BEGIN Records for processing

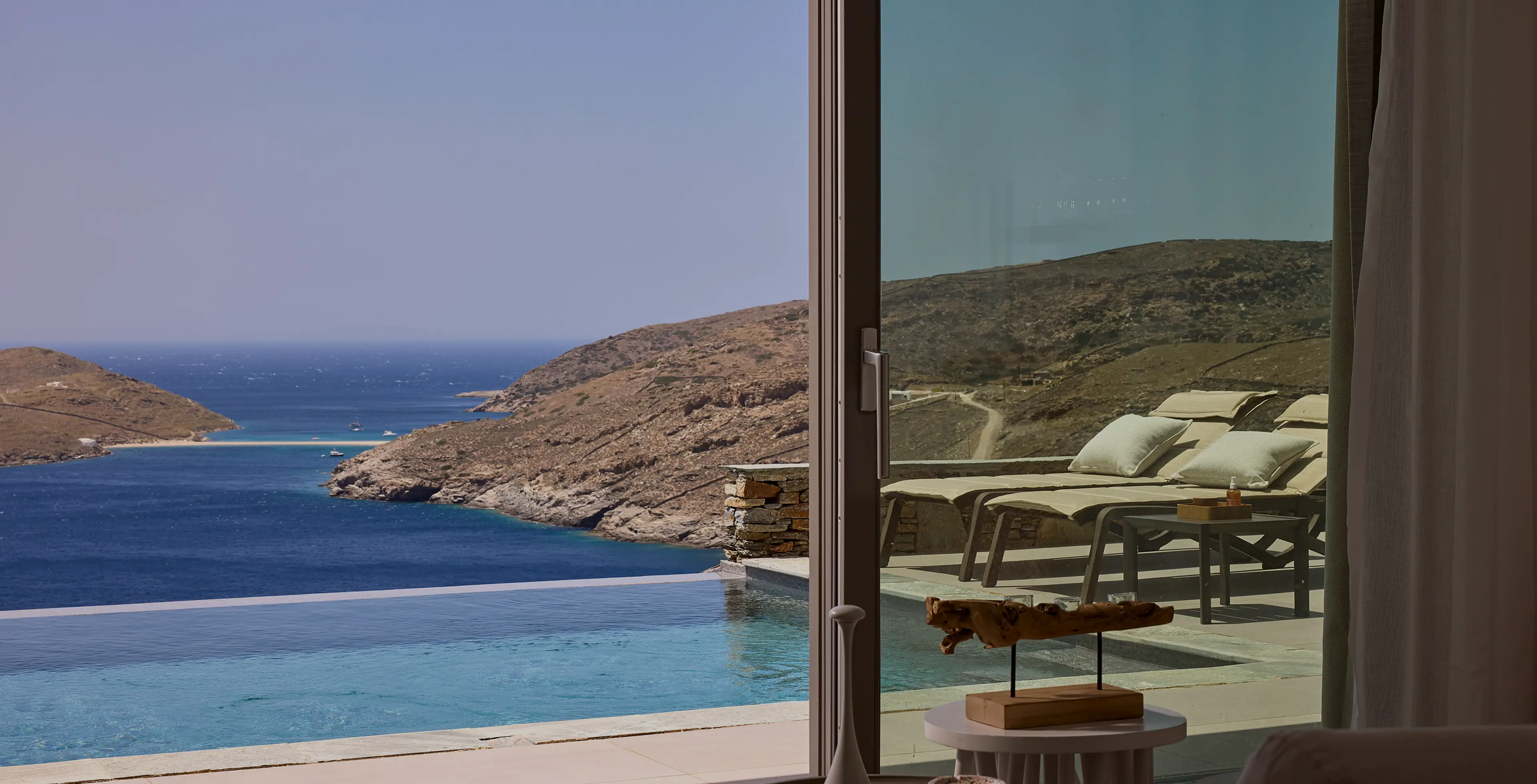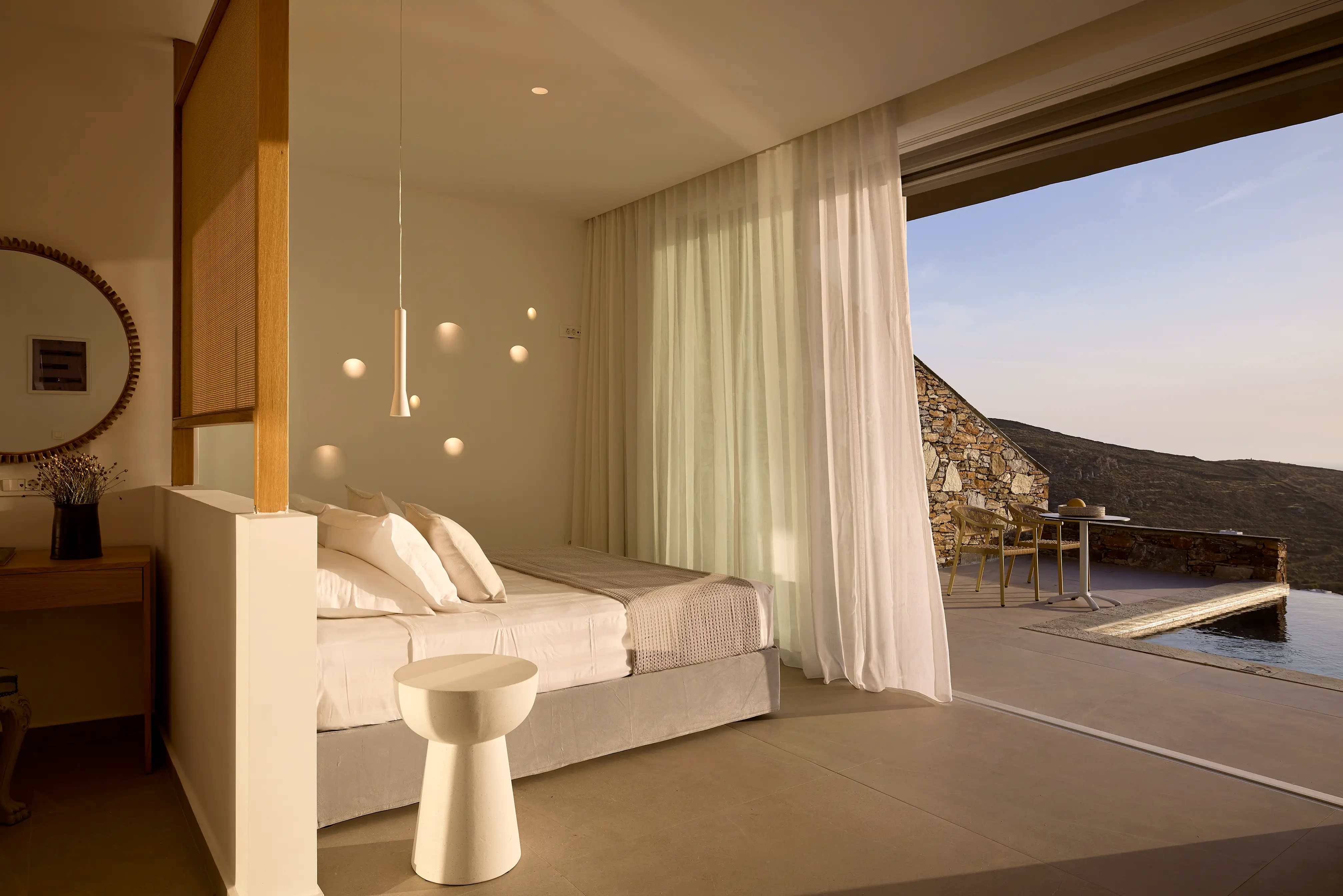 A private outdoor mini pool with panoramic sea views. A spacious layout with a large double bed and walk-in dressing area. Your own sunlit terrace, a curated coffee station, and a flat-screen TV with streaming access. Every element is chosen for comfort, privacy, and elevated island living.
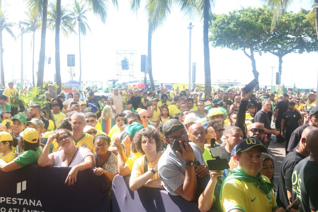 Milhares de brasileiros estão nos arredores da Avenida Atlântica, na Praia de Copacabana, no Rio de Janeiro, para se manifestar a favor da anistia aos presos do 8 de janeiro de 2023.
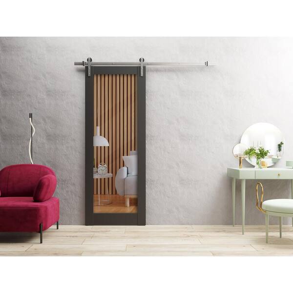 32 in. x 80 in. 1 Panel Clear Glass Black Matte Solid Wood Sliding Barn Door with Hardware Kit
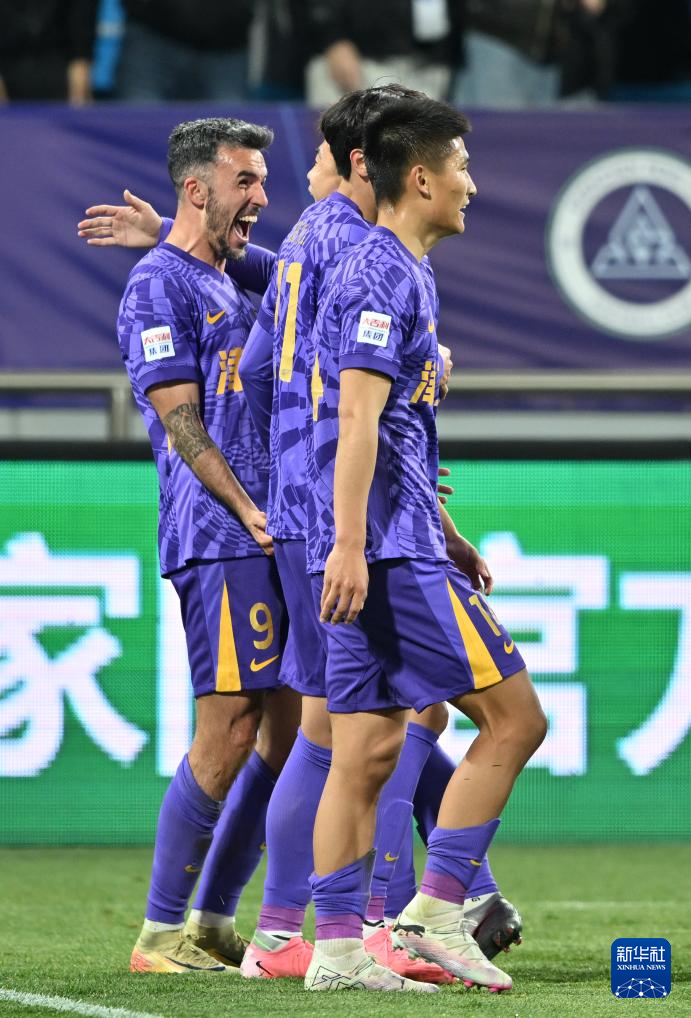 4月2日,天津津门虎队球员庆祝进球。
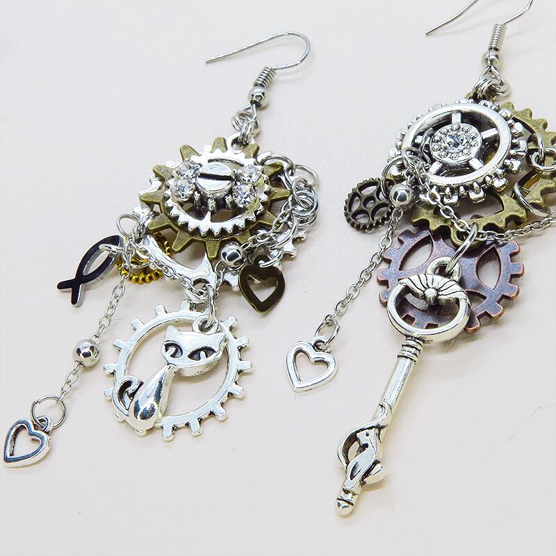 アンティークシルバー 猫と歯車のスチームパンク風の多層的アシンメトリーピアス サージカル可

END Records for processing

### The task:
When you retype the material above, keep every word exact and drop the images.

### Worked solution:
 A private outdoor mini pool with panoramic sea views. A spacious layout with a large double bed and walk-in dressing area. Your own sunlit terrace, a curated coffee station, and a flat-screen TV with streaming access. Every element is chosen for comfort, privacy, and elevated island living.
 Milhares de brasileiros estão nos arredores da Avenida Atlântica, na Praia de Copacabana, no Rio de Janeiro, para se manifestar a favor da anistia aos presos do 8 de janeiro de 2023.
 32 in. x 80 in. 1 Panel Clear Glass Black Matte Solid Wood Sliding Barn Door with Hardware Kit
 4月2日,天津津门虎队球员庆祝进球。
 アンティークシルバー 猫と歯車のスチームパンク風の多層的アシンメトリーピアス サージカル可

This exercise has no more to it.